Body image, she expressed, was not the bulk of her anxiety, nor was it central to her project. But it was substantial for her personally, as was the case for many other women whom she knew and many whom she had interviewed for her project.
“I think circus is way more accepting of different body types than dance or gymnastics [and similar performance arts],” she said, “but, for me personally, that's been a struggle.”
And in general, she said, “The [circus] community makes good strides to address it, and be supportive of each other, but there's still that internal judgment. And going out on stage and not being a stick-thin person is a constant thing.”
She expressed that viewing photos of herself was a “constant battle of trying not to get down on [her]self.”
She added, “My anxiety piece wasn't necessarily about [body image], but it did come up in interviews. [That's] tied into feelings of self-worth, which is tied into anxiety.”
* * *
Luz and I drew our conversation to a close, each expressing our dread and anxiety about listening to our own voices on a recording, amused with our respective feelings of self-consciousness.
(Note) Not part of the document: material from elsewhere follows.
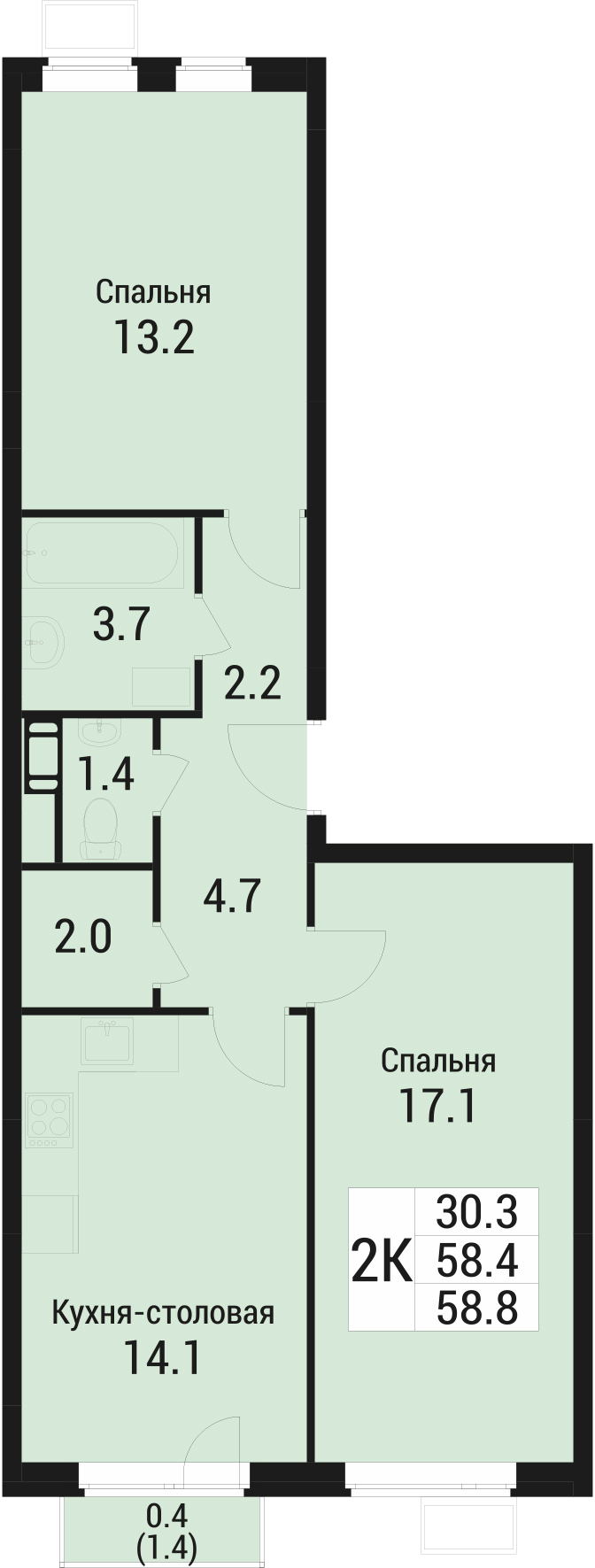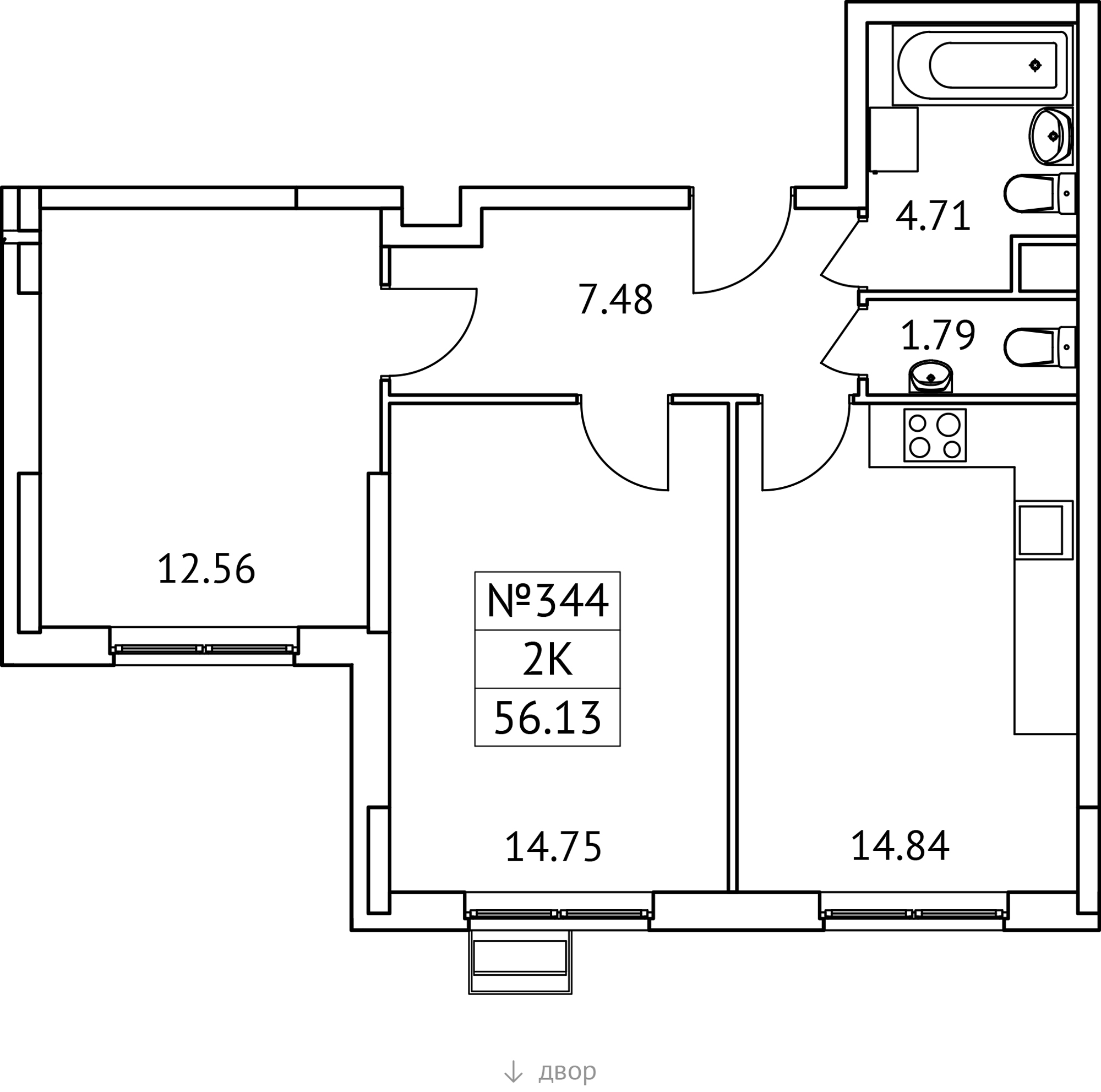 Купить 2к квартиру 53 м² в квартале Резиденции Архитекторов

I had shared with her some of my own experiences, and she had shared some further details of her story. Each of us withstood the anticipation of judgment or the possibility of feeling misunderstood, because each of us valued connection more over those fears.
“Once you're willing to just go there with someone and connect with them, and be frank about your own issues and talk about theirs, the willingness to [be vulnerable] open[s] doors for [others] to share their stories,” Luz observed.
Luz wanted “Anxiety Project” to create more transparency about mental illness; I wanted to write about it for similar reasons. What happens when you listen to your body, notice what it has to say, and tell the stories you keep hidden? Is our society ready to appreciate not only the beauty of performance but also the beauty of human connection without the need to perform?
And with that, I want to send out a “thank you” to Emma Luz for setting change in motion, and for giving not just a performance, but an invaluable story.